The Centers for Medicare & Medicaid Services has completed testing part of the "data hub" that's supposed to sit at the heart of the new exchange system.
CMS hopes to complete the rest of the testing by the end of August.
CMS Administrator Marilyn Tavenner gave Congress an update on data hub testing progress Wednesday at a hearing on the "Obamacare information sharing apparatus," organized by a House Oversight and Government Reform Committee subcommittee and a House Homeland Security Committee subcommittee.
CMS is developing the data hub to help the exchanges use IRS tax data and other federal government data to verfiy applicants eligibility.
CMS spent about $394 million between 2010 and March 31 to develop and test the hub, with $303 million of the funding going to 10 major contractors, witnesses said.
The agency began testing the hub connections with the IRS about a year ago, and 95 percent of the testing was done by the end of June, Tavenner said. CMS started testing integration with some state exchanges in February.
It also started testing integration with Social Security Administration, Department of Homeland Security and other state exchange systems earlier this summer, and that should be done by the end of August, Tavenner said.
Lawmakers at the hearing said they fear problems with implementing PPACA and setting up the hub could lead to data security and health information privacy problems.
Rep. James Lankford, R-Okla., said he sees the potential for users to commit acts of intentional fraud, in addition to honest mistakes.
Rep. Jackie Speier, D-Calif., a PPACA supporter, said she objects to "sweeping allegations" by PPACA opponents who want to sabotage implementation.
But "I believe that the hub has a giant bull's eye on it," Speier said later in the hearing. "The potential for it being hacked is great."
Rep.

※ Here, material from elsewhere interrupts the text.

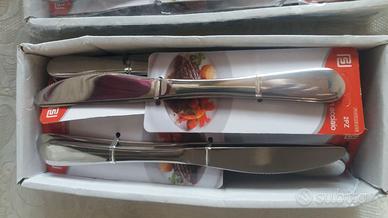 Nuove le 5 confezioni. In ogni scatola ci sono 24 coltelli di ottima qualità di acciaio inox 18/10 Totali 120 coltelli. Chi desidera l’acquisto totale propongo max sconto dal prezzo originale, quindi 120 euro.

Michelle Lujan Grisham, D-N.M., countered that state Medicaid programs have been using, storing and exchanging similar types of information for years without running into noteworthy data security or privacy breach problems.
Daniel Werfel, an IRS deputy commissioner, said any agency that wants to get access to IRS data will have to use a 61-page "Safeguard Procedures Report" template and get into an IRS data protection program that involves regular on-site inspections.
Lujan Grisham said lawmakers with a sincere interest in protecting any IRS data or other data shared with the exchange data hub should support moves to protect the IRS budget against the effects of a 24 percent sequestration cut.